• _WHAT TO WORK ON_: From the listing below, please restate exactly the lines beginning at the one with "产品介绍: 一、标志内容1:用中文说明此处地下配有何种管线 二、材料与性能" and ending at the one with "Ok, so two reviews", both included, and skip the pictures.

====== MATERIAL SUPPLIED

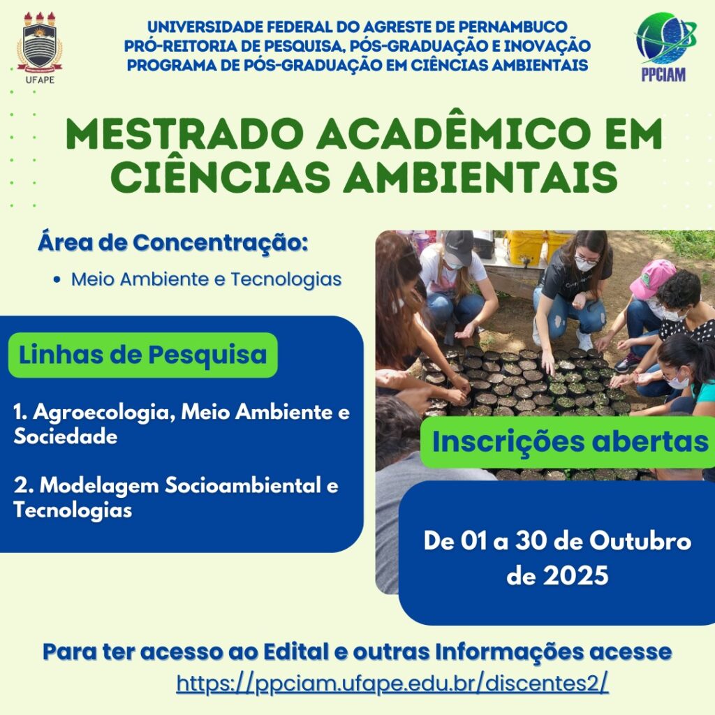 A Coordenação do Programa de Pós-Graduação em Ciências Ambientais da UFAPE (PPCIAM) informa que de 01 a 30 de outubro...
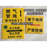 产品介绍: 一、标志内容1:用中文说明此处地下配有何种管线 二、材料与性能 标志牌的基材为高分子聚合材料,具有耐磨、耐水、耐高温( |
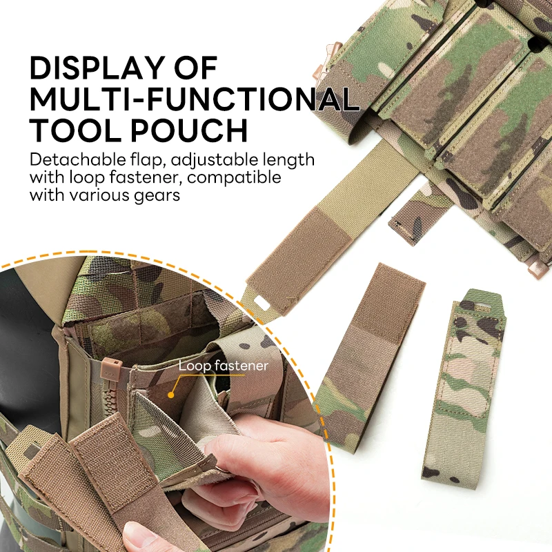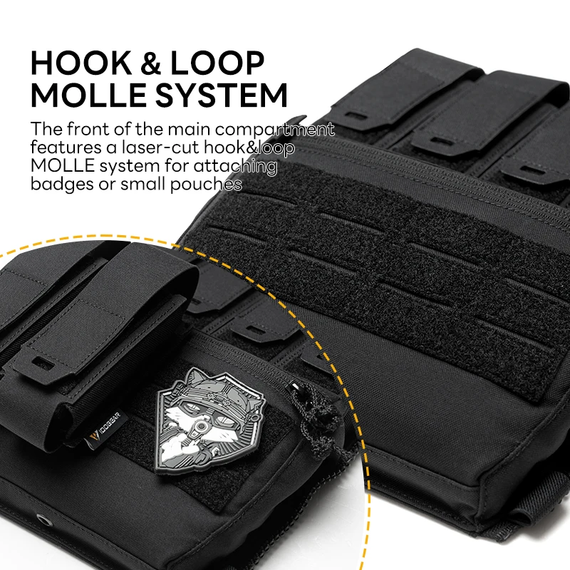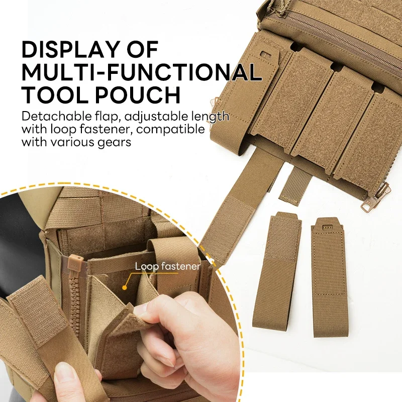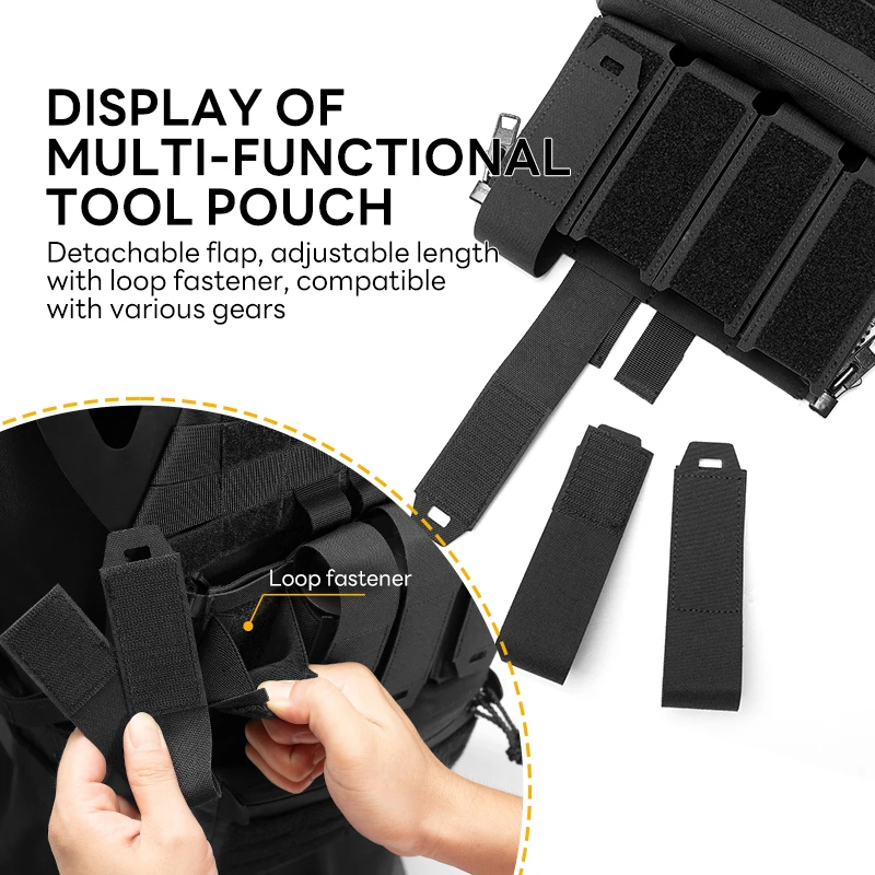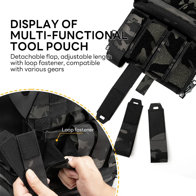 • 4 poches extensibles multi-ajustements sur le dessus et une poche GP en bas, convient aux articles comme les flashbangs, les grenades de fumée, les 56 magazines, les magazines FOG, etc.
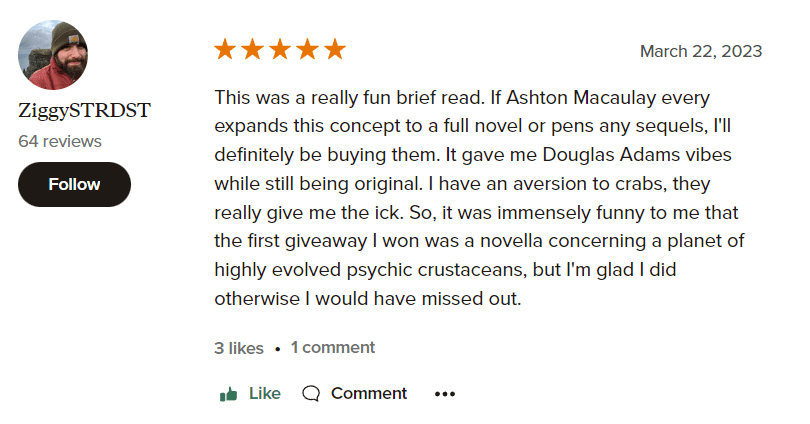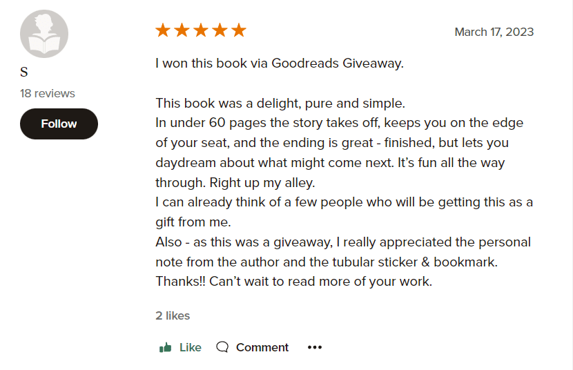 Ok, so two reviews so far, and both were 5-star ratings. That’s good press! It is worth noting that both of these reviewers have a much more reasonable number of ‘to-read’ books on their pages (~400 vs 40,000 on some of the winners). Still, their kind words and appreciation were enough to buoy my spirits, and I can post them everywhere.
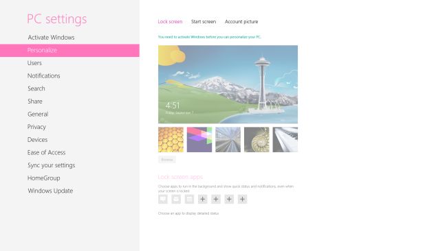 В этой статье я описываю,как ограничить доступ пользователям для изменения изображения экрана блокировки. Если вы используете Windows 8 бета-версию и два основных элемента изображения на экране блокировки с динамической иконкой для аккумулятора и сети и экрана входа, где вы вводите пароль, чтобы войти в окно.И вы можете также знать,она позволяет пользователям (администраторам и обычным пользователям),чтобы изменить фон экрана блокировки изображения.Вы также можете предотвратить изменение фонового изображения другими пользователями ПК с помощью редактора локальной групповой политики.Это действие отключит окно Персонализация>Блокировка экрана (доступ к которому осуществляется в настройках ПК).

============

• _ANSWER BOX_:
 产品介绍: 一、标志内容1:用中文说明此处地下配有何种管线 二、材料与性能 标志牌的基材为高分子聚合材料,具有耐磨、耐水、耐高温( |
 • 4 poches extensibles multi-ajustements sur le dessus et une poche GP en bas, convient aux articles comme les flashbangs, les grenades de fumée, les 56 magazines, les magazines FOG, etc.
 Ok, so two reviews so far, and both were 5-star ratings. That’s good press! It is worth noting that both of these reviewers have a much more reasonable number of ‘to-read’ books on their pages (~400 vs 40,000 on some of the winners). Still, their kind words and appreciation were enough to buoy my spirits, and I can post them everywhere.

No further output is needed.